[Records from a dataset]
- - - -

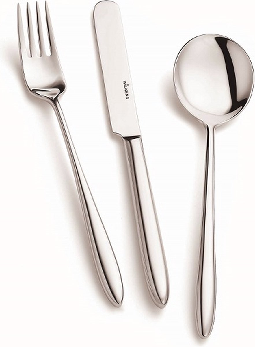 Ontdek de Tijdloze Elegantie van Wilkens Aura BestekOp zoek naar de perfecte balans tussen stijl, kwaliteit en functionaliteit? Laat ons je voorstellen aan Wilkens Aura bestek – een meesterwerk van tijdloze elegantie dat je tafelschikking naar een hoger niveau tilt.Wilkens Aura bestek is een symbool van vakmanschap en verfijning. Vervaardigd met zorgvuldige aandacht voor detail en met behulp van hoogwaardig roestvrij staal, is dit bestek niet alleen duurzaam maar ook prachtig ontworpen om indruk te maken op elke gelegenheid.Een van de meest opvallende kenmerken van Wilkens Aura is het uitgebalanceerde ontwerp dat prettig aanvoelt in de hand. Of je nu een formele dinerbijeenkomst hebt of een informele familiebrunch, het ergonomische ontwerp zorgt ervoor dat elk gerecht moeiteloos wordt opgepakt en elke maaltijd een genot wordt. Naast besteksets zijn alle onderdelen van dit bestek ook los leverbaar.Breng je tafelschikking naar nieuwe hoogten met het prachtige Wilkens Aura bestek. Kies voor tijdloze elegantie en duurzaamheid die de tand des tijds zal doorstaan.Bestel vandaag nog je Wilkens Aura bestek en laat je tafel schitteren met een vleugje tijdloze klasse!Hulp nodig of vragen over dit bestek? Ons team staat voor je klaar om je vragen te beantwoorden. Neem contact met ons op of kom langs in de winkel in Arnhem.Deze set bestaat uit 62-delen en is geschikt voor 6 personen:6 tafellepels,6 tafelvorken,6 tafelmessen,6 dessertlepels,6 dessertvorken,6 dessertmessen,1 aardappellepel,2 groentelepels,1 sauslepel,2 vleesvorkjes,6 taartvorkjes,6 theelepels,6 koffielepels,1 taartschep en1 suikerlepel.De set wordt geleverd in een Wilkens Cassettedoos.
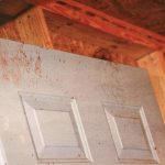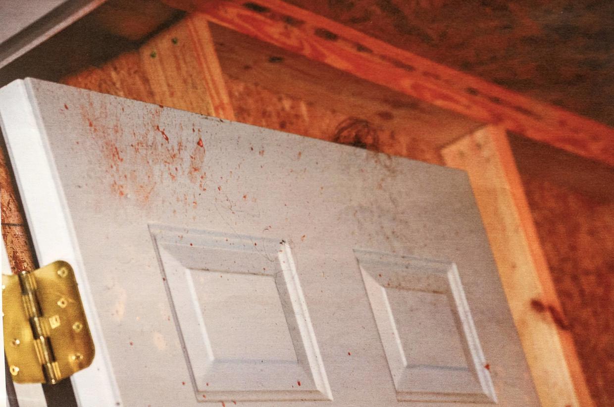 - there was high-velocity blood splatter on the upper half of the open door and ceiling area just inside the doorway.
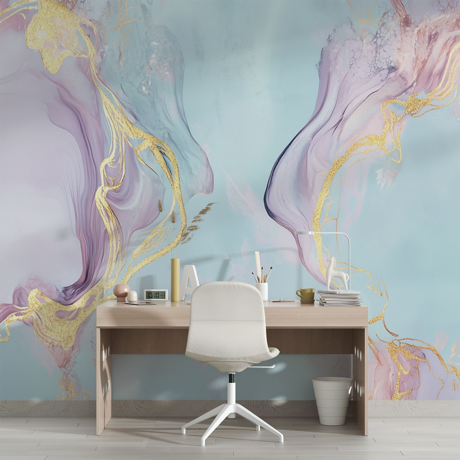 Dansende tinten roze, blauw en goud wervelen in een levendige symfonie van kleur. Deze abstracte explosie van creativiteit brengt energie en passie in elke ruimte. De overlappende vormen creëren een hypnotiserende diepte die blijft boeien. Perfect voor wie durft, dit kunstzinnige behang transformeert muren in een dynamisch meesterwerk dat interieurs verrijkt met warmte en beweging.
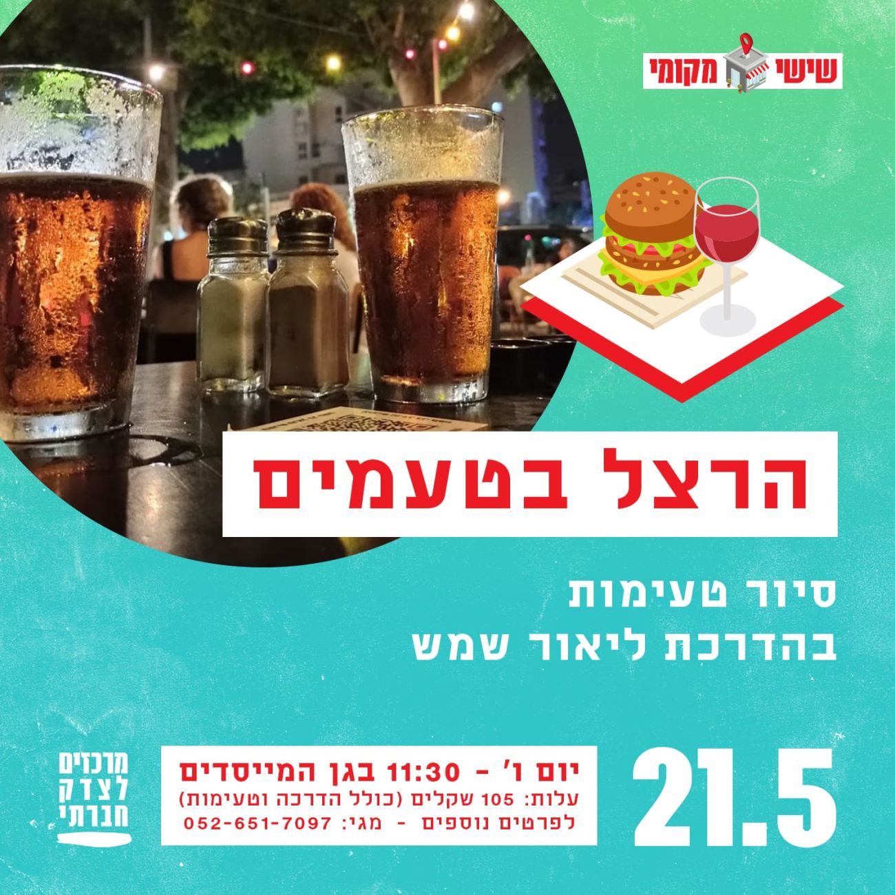 המרכז לצדק חברתי מזמינים את התושבים לפעילות "שישי מקומי" סיורי תרבות, אמנות וטעימות ברחבי העיר המתקיים מדי יום שישי, למען ובשיתוף מורי דרך והעסקים המקומיים. למרות ההקלות, המשבר הבריאותי והכלכלי פגע אנושות בעסקים המקומיים ובעובדי תעשיית התיירות שמנסים לשרוד את התקופה הקשה. לאור המצב המרכז לצדק חברתי ברחובות ניסה לסייע ויזם את 'שישי מקומי' במסגרתו ערכו בחודשים האחרונים סיורים מודרכים בשיתוף עסקים ומורי דרך מקומיים. בין היתר ערכו סיורים היסטוריים, סיורי טעימות בין מסעדות מוכרות בעיר, סיורי אומנות וקהילה.
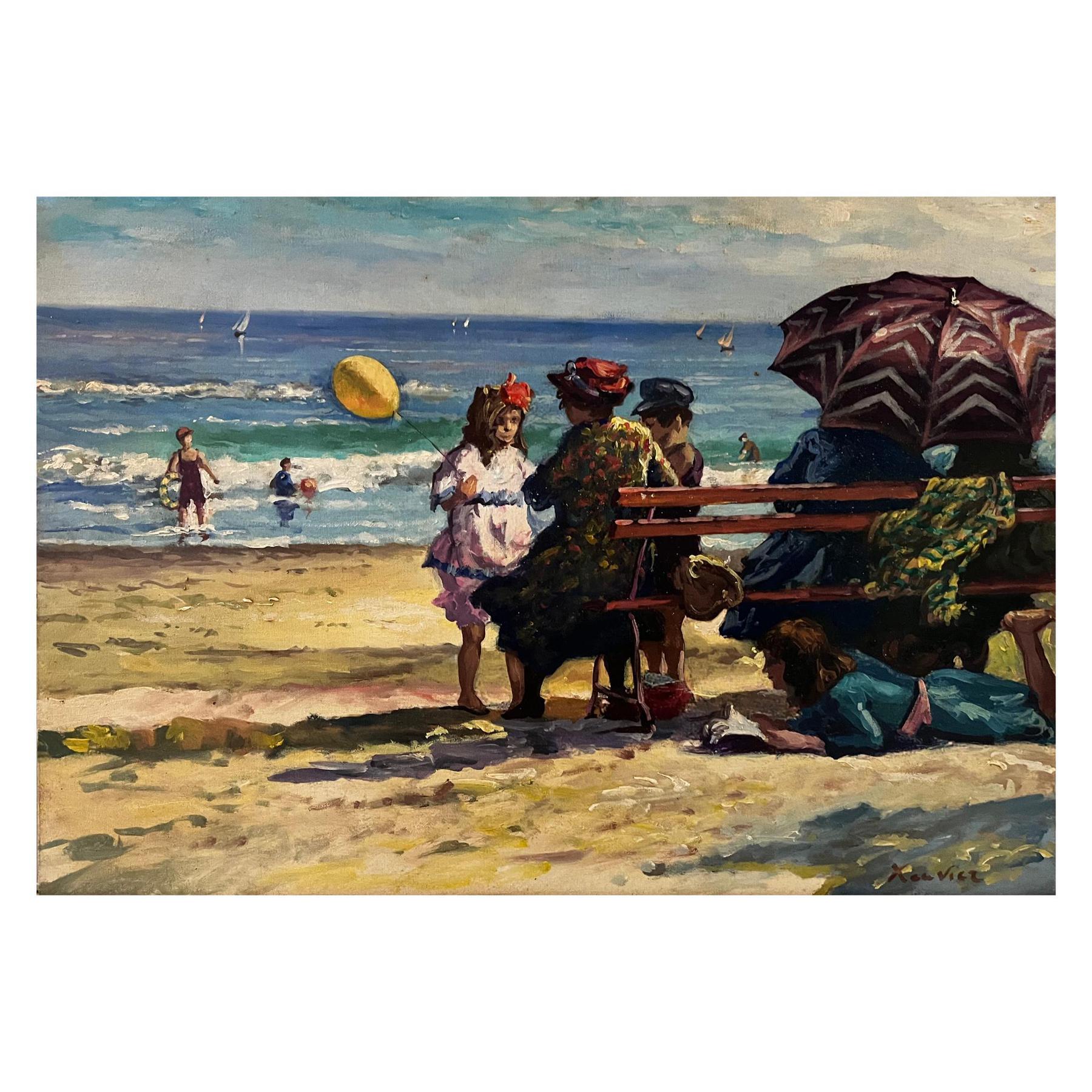 Lotto 87 | Dipinto olio su tavola, raffigurante Giornata al mare, periodo XX secolo....
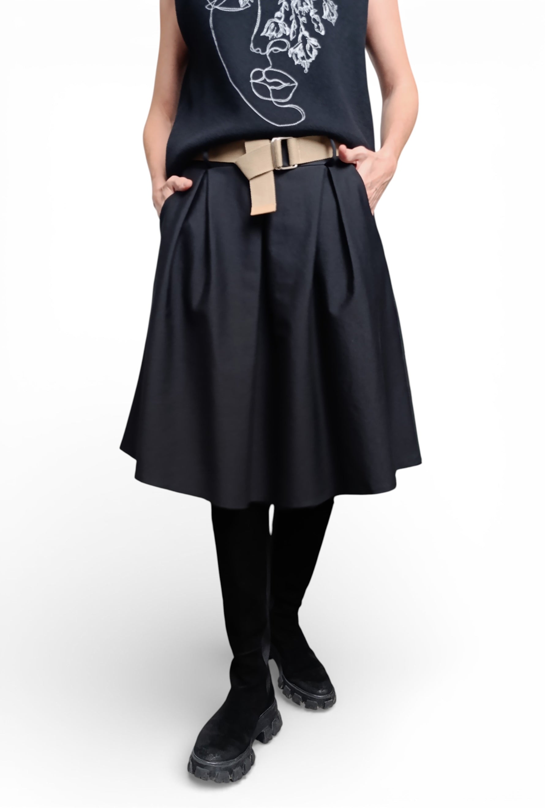 Design: Fustă midi cu croială evazată și pliuri frontale.
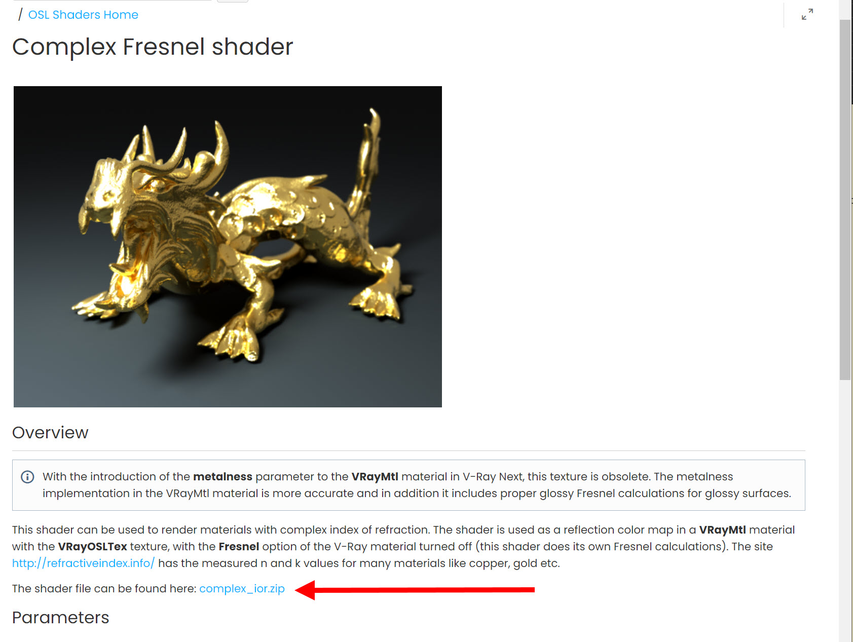 1)아래 카오스그룹 웹사이트에서 complex fresnel shader의 OSL 쉐이더 파일을 다운로드합니다(complex_ior.zip)
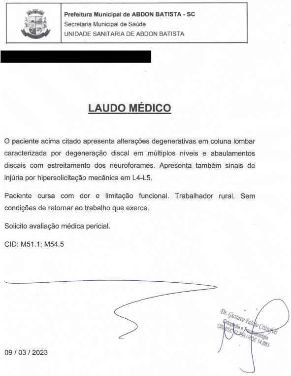 A parte autora (agricultor e 58 anos de idade atualmente) objetiva a concessão de benefício por incapacidade desde 16-03-2023 (DER do NB 643.553.121-1), em decorrência de problemas na coluna lombar (CID 10 M51.1 e M54.4), comprovadas pela seguinte documentação clínica:
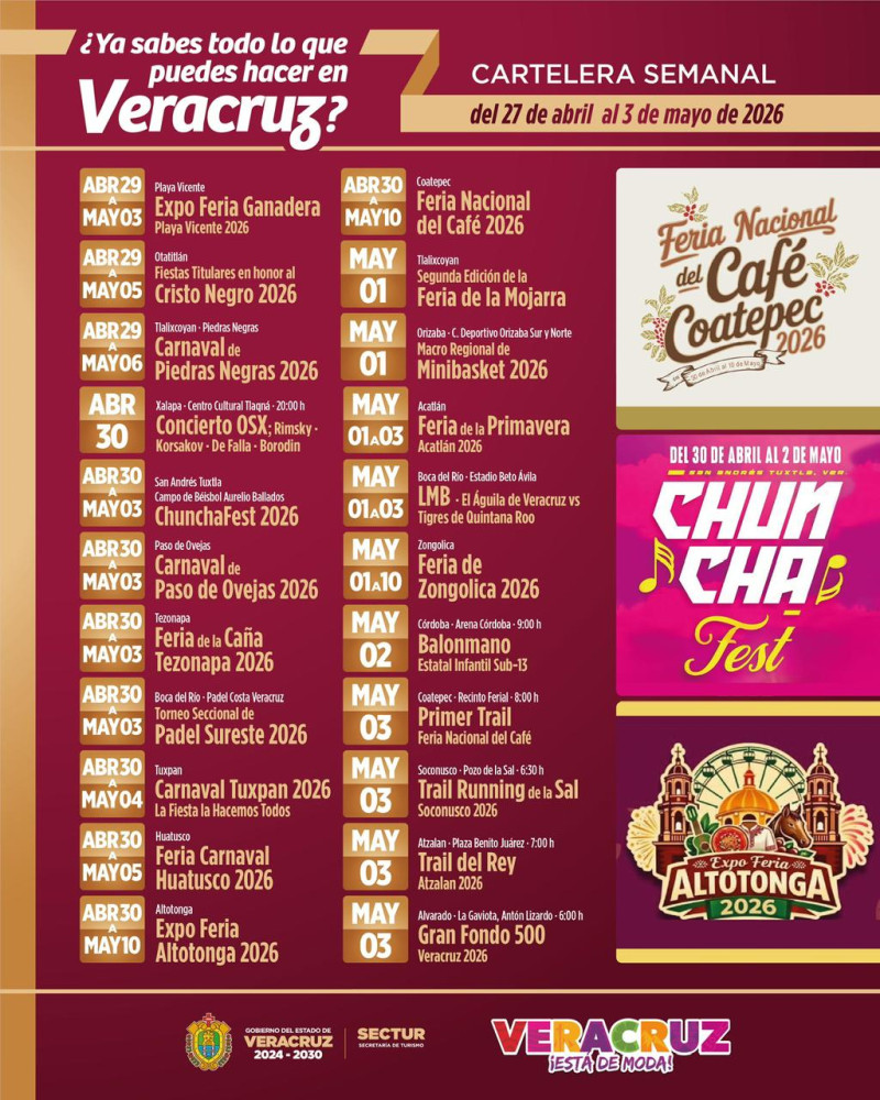 Del 01 al 03 de mayo, en Acatlán, la realización de la Feria de la Primavera; en Boca del Río, el Águila de Veracruz enfrentará a los Tigres de Quintana Roo; y del 01 al 10 de mayo, en Zongolica, tendrá lugar la Feria de Zongolica 2026.

- - - -

* What to work on: The images in the entries above should be left out; please reproduce exactly the lines from the first through the one containing "Dansende tinten roze, blauw".

* Response box:
 Ontdek de Tijdloze Elegantie van Wilkens Aura BestekOp zoek naar de perfecte balans tussen stijl, kwaliteit en functionaliteit? Laat ons je voorstellen aan Wilkens Aura bestek – een meesterwerk van tijdloze elegantie dat je tafelschikking naar een hoger niveau tilt.Wilkens Aura bestek is een symbool van vakmanschap en verfijning. Vervaardigd met zorgvuldige aandacht voor detail en met behulp van hoogwaardig roestvrij staal, is dit bestek niet alleen duurzaam maar ook prachtig ontworpen om indruk te maken op elke gelegenheid.Een van de meest opvallende kenmerken van Wilkens Aura is het uitgebalanceerde ontwerp dat prettig aanvoelt in de hand. Of je nu een formele dinerbijeenkomst hebt of een informele familiebrunch, het ergonomische ontwerp zorgt ervoor dat elk gerecht moeiteloos wordt opgepakt en elke maaltijd een genot wordt. Naast besteksets zijn alle onderdelen van dit bestek ook los leverbaar.Breng je tafelschikking naar nieuwe hoogten met het prachtige Wilkens Aura bestek. Kies voor tijdloze elegantie en duurzaamheid die de tand des tijds zal doorstaan.Bestel vandaag nog je Wilkens Aura bestek en laat je tafel schitteren met een vleugje tijdloze klasse!Hulp nodig of vragen over dit bestek? Ons team staat voor je klaar om je vragen te beantwoorden. Neem contact met ons op of kom langs in de winkel in Arnhem.Deze set bestaat uit 62-delen en is geschikt voor 6 personen:6 tafellepels,6 tafelvorken,6 tafelmessen,6 dessertlepels,6 dessertvorken,6 dessertmessen,1 aardappellepel,2 groentelepels,1 sauslepel,2 vleesvorkjes,6 taartvorkjes,6 theelepels,6 koffielepels,1 taartschep en1 suikerlepel.De set wordt geleverd in een Wilkens Cassettedoos.
 - there was high-velocity blood splatter on the upper half of the open door and ceiling area just inside the doorway.
 Dansende tinten roze, blauw en goud wervelen in een levendige symfonie van kleur. Deze abstracte explosie van creativiteit brengt energie en passie in elke ruimte. De overlappende vormen creëren een hypnotiserende diepte die blijft boeien. Perfect voor wie durft, dit kunstzinnige behang transformeert muren in een dynamisch meesterwerk dat interieurs verrijkt met warmte en beweging.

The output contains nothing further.